# MUTX Infrastructure
Production-readiness baseline for Terraform, Ansible, Docker Compose, and monitoring.
## Layout
* `terraform/` β DigitalOcean VPC + droplet + firewall provisioning
* `ansible/` β host hardening and container deployment playbooks
* `helm/` β Kubernetes Helm chart for MUTX deployment
* `monitoring/` β Prometheus + Grafana config
## Terraform (DigitalOcean)
```bash
cd infrastructure
make tf-fmt
make tf-validate
make ansible-inventory
# Staging
make tf-plan-staging
# Production
make tf-plan-production
# Apply from terraform/ after reviewing plan
cd terraform
terraform apply -var-file=environments/production/terraform.tfvars
```
## Health Checks
The API exposes two health check endpoints for Kubernetes/production use:
* `/health` - Liveness probe, returns 200 if the service is alive
* `/ready` - Readiness probe, returns 503 if not ready to accept traffic
Both endpoints check database connectivity status.
### Notes
* Backend is environment-scoped via `terraform/environments//backend.hcl`.
* Keep `admin_cidr` scoped to VPN/home-office CIDR. Avoid `0.0.0.0/0` in production.
* Customer IDs must be unique.
* Customer VPC CIDRs are validated at plan time.
## Ansible Provisioning
```bash
cd infrastructure
make ansible-provision
make ansible-deploy-agent
```
Install Ansible collections and lint before applying:
```bash
cd infrastructure
make ansible-deps
make ansible-lint
```
Required environment variables before running playbooks:
* `POSTGRES_PASSWORD`
* `REDIS_PASSWORD`
* `AGENT_API_KEY`
* `AGENT_SECRET_KEY`
* `ADMIN_CIDR` (recommended, defaults to `0.0.0.0/0`)
* `PRIVATE_CIDR` (optional, defaults to `10.0.0.0/8`)

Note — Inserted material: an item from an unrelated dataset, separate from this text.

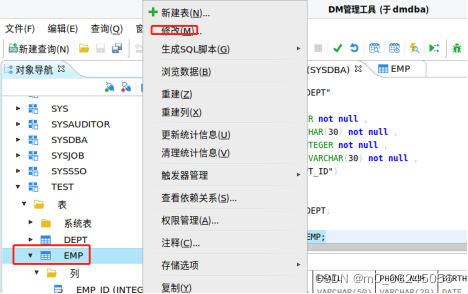 右键点击【EMP】表,选择【修改】,进入表修改界面(如果建表时,未定义主键,可以用次方式实现)。

* `TAILSCALE_AUTH_KEY` (optional)
## Monitoring Stack
```bash
cp .env.monitoring.example .env.monitoring
# set strong credentials/passwords
cd infrastructure
make monitor-up
```
The monitoring compose file binds UI and exporter ports to localhost by default. Stop it with `cd infrastructure && make monitor-down`. Prometheus now loads alerting rules from `infrastructure/monitoring/prometheus/alerts.yml` and scrapes the API via `host.docker.internal:8000` (works for local Docker Desktop + Linux host-gateway mapping). Grafana provisioning and dashboard mounts are resolved relative to `infrastructure/docker/docker-compose.monitoring.yml`, so the stack reads from `../monitoring/grafana/...` when launched from `infrastructure/`.
## CI Drift Detection
A scheduled GitHub Actions workflow now checks Terraform drift daily for both `staging` and `production` using `terraform plan -detailed-exitcode`:
* Workflow: `.github/workflows/infrastructure-drift.yml`
* Trigger: daily cron + manual dispatch
* Behavior: uploads plan artifacts and fails when drift is detected
Required GitHub secrets:
* `DO_TOKEN`
* `TF_STATE_ACCESS_KEY_ID`
* `TF_STATE_SECRET_ACCESS_KEY`
## Extra Validation Targets
From `infrastructure/`:
```bash
# Drift-style exit codes (0=no changes, 2=changes)
make tf-plan-staging-detailed
make tf-plan-production-detailed
# Validate Prometheus config + alert rules
make monitor-validate
```
These infrastructure checks are authoritative for infra changes, but they are not the same thing as the app CI lane in `.github/workflows/ci.yml`. Keep infra-specific validation explicit so application PRs do not fail on hidden cross-surface assumptions.
## Next Hardening Items
* Replace static inventory usage with Terraform-generated inventory by default in Ansible playbook wrappers.
* Wire alert delivery (Alertmanager/notification channel) for critical rules.
* Default local Alertmanager routing now drops alerts unless they are explicitly labeled `notify="webhook"`, preventing noisy failed webhook retries in dev setups without a receiver.
* Add automated backup/restore verification for PostgreSQL and Redis volumes.